My boys have been wanting a Nintendo for over 8 months. My answer then was “I can’t afford it right now; if you really want it, you can work and save some money to buy it”. At first they were frustrated with the idea of having to save U$300 all by themselves and they stopped talking about it for a while. I admit it, not being very fond of screens and video games, I was hoping they grew out of the idea. But no! Little by little they started making a sales plan... They made drawings, paintings, stickers, bracelets, lemonade and homemade lip-gloss. They also saved all fairy tooth money and any gift from grandparents and uncles. As an additional incentive, their dad offered to pay a 10% interest for the money saved at the end of each month. Pretty sweet deal (for them). So they started formulating questions and learning about math independently, telling their dad how much interest was due at the end of each month. As of right now they have saved U$180. Not too shabby right?
These past 8 months they have learned so much in this process of trying to reach their goal of raising U$300 to buy the Nintendo. They started working independently, but then came to realize that if they worked as a team, they could be way more productive by consolidating each of their savings. They used divergent thinking to come up with various ideas that would help them make money. They exercised their creative thinking skills to identify a list of things they could make on their own, that will cost them little to nothing, and that they could then sell and make profit. They learned that people love detailed drawings and are willing to pay up to $20 for one of their most colorful masterpieces. They learned to make loom bracelets and seized the Soccer World Cup momentum to design them with the colors of the countries participating and then sold them to people rooting for their country of origin. They investigated about lip gloss making and came up with the best recipe to make some at home in different flavors to then sell to friends at school. They developed and exercised their math skills to receive money, give change, and identify the % of their monthly savings so their day would pay them what was promised. They put into practice their literacy skills to make signs and campaigns that would help them promote the products they were trying to sell. They learned about being accountable and responsible, they learned to negotiate, they made their own choices and decisions; they felt empowered, and even though there have been moments in which they may have wanted to give up, they persisted instead.

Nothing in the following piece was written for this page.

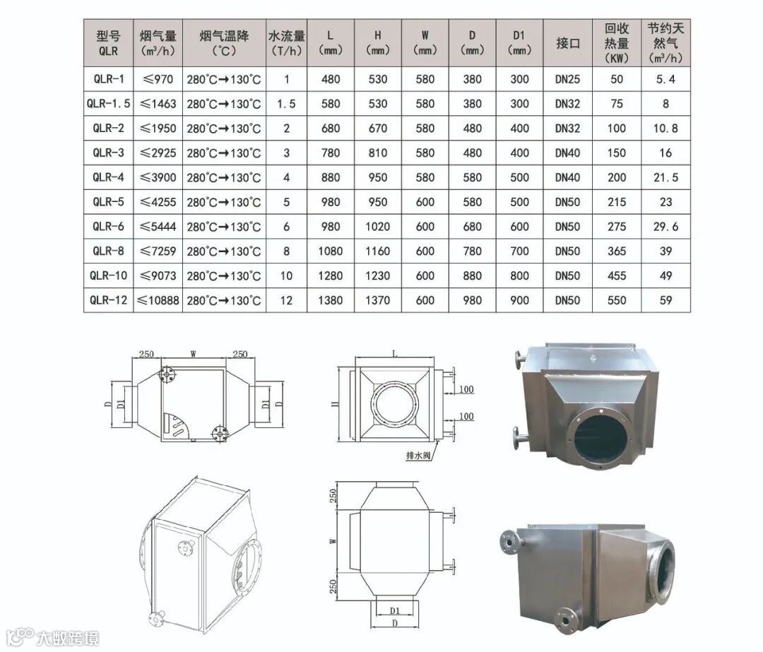 就是配套常规1吨、2吨到12吨的常规锅炉的节能器,因为做的比较多,我们已经有常规的工况数据可以给大家参考: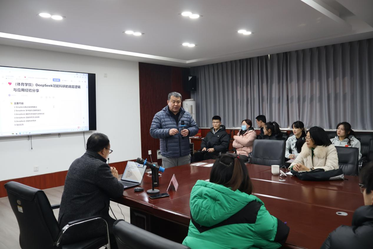 在讲座中,郭顺利副教授深入剖析了Deep Seek赋能科研的底层逻辑,结合自身丰富的科研经验,为在场师生分享了如何将这一前沿技术应用于体育科学研究中,助力解决实际问题、提升研究效率与质量。通过详实的案例与深入浅出的讲解,参会者对Deep Seek在科研中的应用有了更为清晰的认识与理解。

And the list goes on. These are just a few of the learning moments I was able to identify during these past months. More than anything I feel they have come to value the cost of things, and the fact that money does not grow out of trees and that you actually have to work to earn it and deserve it. I hope after reading this post, when you see this picture of my boys with their game face on, you come to realize this is so much more than merely cute.
It’s not an easy job as a parent to take this road. Sometimes it’s just easier to buy the freaking thing and that way you don’t have to deal with the constant nagging. But at the same time, there’s so much organic learning in these opportunities. To us, it’s important for them to know the value of things so they don’t take them for granted. Trying to raise kind boys, who are not entitled, is more challenging nowadays compared to when we were raised. So we have decided to act upon any chance we see to “teach” them a lesson; any lesson, no matter how big or how small, will always be a meaningful life lesson when you are raising little human beings.